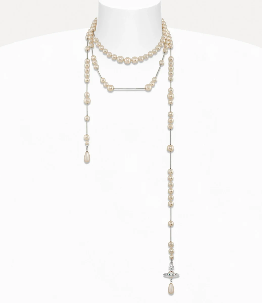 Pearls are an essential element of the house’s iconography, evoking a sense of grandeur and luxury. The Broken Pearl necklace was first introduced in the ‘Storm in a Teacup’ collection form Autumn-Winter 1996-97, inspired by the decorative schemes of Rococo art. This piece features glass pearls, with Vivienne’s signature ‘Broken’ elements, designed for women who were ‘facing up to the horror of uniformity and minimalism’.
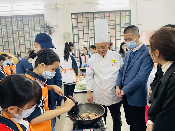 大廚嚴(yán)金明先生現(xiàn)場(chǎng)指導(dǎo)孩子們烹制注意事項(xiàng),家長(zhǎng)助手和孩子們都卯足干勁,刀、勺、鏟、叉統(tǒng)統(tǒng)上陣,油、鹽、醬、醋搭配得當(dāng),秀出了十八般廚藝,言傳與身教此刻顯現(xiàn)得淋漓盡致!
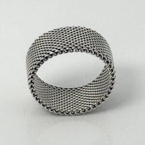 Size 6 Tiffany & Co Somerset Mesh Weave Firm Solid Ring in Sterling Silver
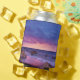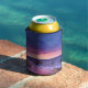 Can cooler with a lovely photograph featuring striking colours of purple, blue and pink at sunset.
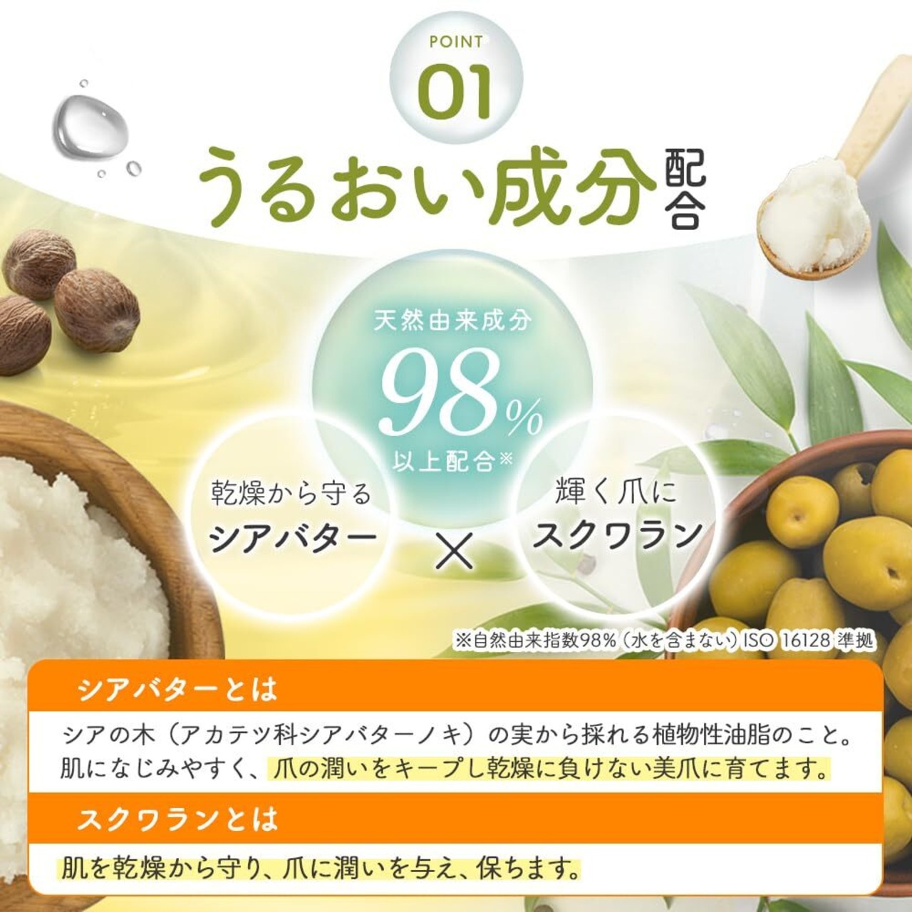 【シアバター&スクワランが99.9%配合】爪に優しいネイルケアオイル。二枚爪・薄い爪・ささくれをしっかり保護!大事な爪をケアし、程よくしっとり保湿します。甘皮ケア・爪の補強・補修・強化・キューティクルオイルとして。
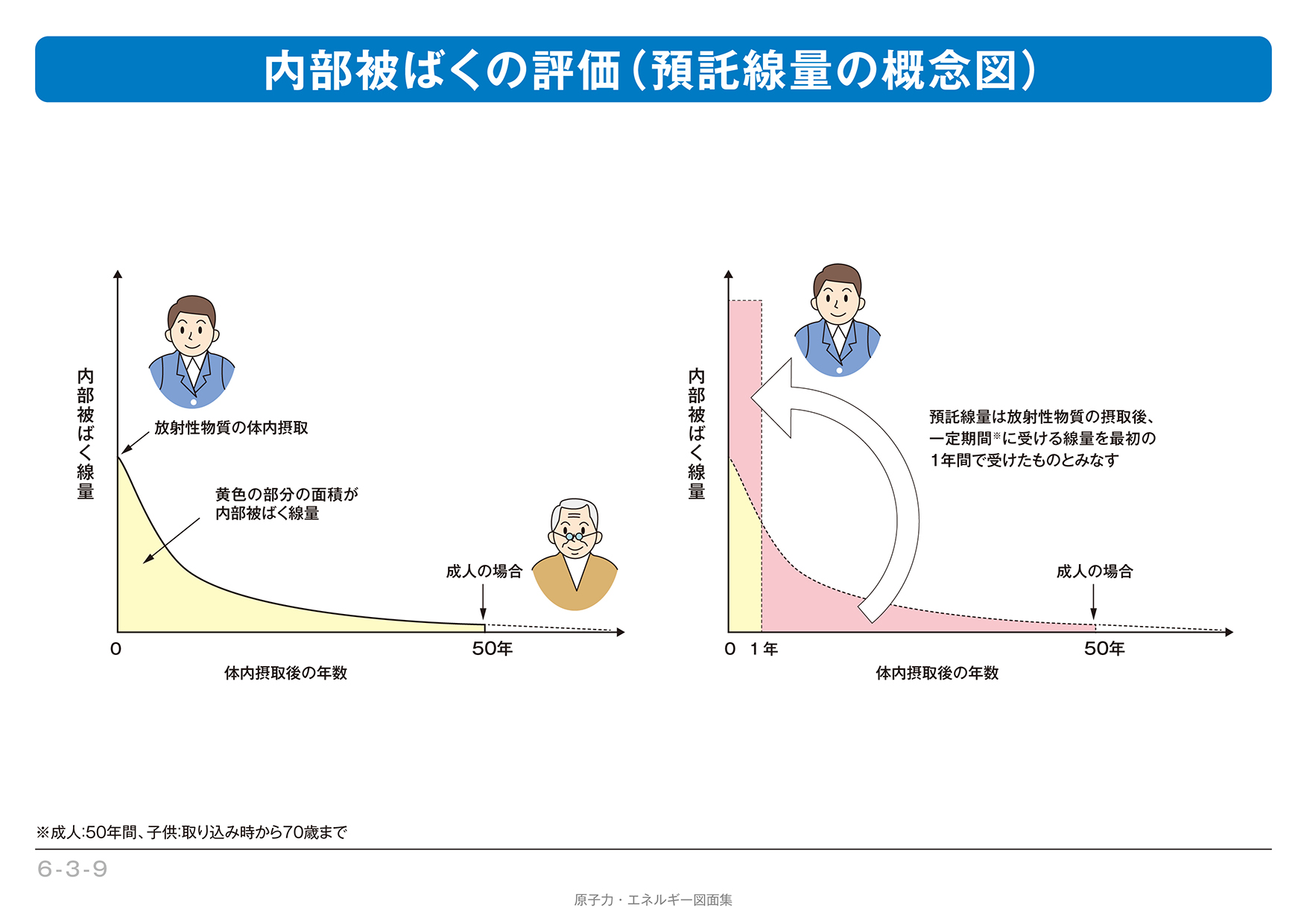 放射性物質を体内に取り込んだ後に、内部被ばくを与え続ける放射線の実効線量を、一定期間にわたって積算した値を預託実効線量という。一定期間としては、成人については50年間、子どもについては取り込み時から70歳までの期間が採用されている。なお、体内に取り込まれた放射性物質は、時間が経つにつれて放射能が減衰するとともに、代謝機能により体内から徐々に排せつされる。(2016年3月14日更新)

________________________________________

| AIM OF THE TASK |
Each record above should be retyped exactly, with no pictures carried over.

| RESULT FOR THIS EXERCISE |
 Pearls are an essential element of the house’s iconography, evoking a sense of grandeur and luxury. The Broken Pearl necklace was first introduced in the ‘Storm in a Teacup’ collection form Autumn-Winter 1996-97, inspired by the decorative schemes of Rococo art. This piece features glass pearls, with Vivienne’s signature ‘Broken’ elements, designed for women who were ‘facing up to the horror of uniformity and minimalism’.
 大廚嚴(yán)金明先生現(xiàn)場(chǎng)指導(dǎo)孩子們烹制注意事項(xiàng),家長(zhǎng)助手和孩子們都卯足干勁,刀、勺、鏟、叉統(tǒng)統(tǒng)上陣,油、鹽、醬、醋搭配得當(dāng),秀出了十八般廚藝,言傳與身教此刻顯現(xiàn)得淋漓盡致!
 Size 6 Tiffany & Co Somerset Mesh Weave Firm Solid Ring in Sterling Silver
 Can cooler with a lovely photograph featuring striking colours of purple, blue and pink at sunset.
 【シアバター&スクワランが99.9%配合】爪に優しいネイルケアオイル。二枚爪・薄い爪・ささくれをしっかり保護!大事な爪をケアし、程よくしっとり保湿します。甘皮ケア・爪の補強・補修・強化・キューティクルオイルとして。
 放射性物質を体内に取り込んだ後に、内部被ばくを与え続ける放射線の実効線量を、一定期間にわたって積算した値を預託実効線量という。一定期間としては、成人については50年間、子どもについては取り込み時から70歳までの期間が採用されている。なお、体内に取り込まれた放射性物質は、時間が経つにつれて放射能が減衰するとともに、代謝機能により体内から徐々に排せつされる。(2016年3月14日更新)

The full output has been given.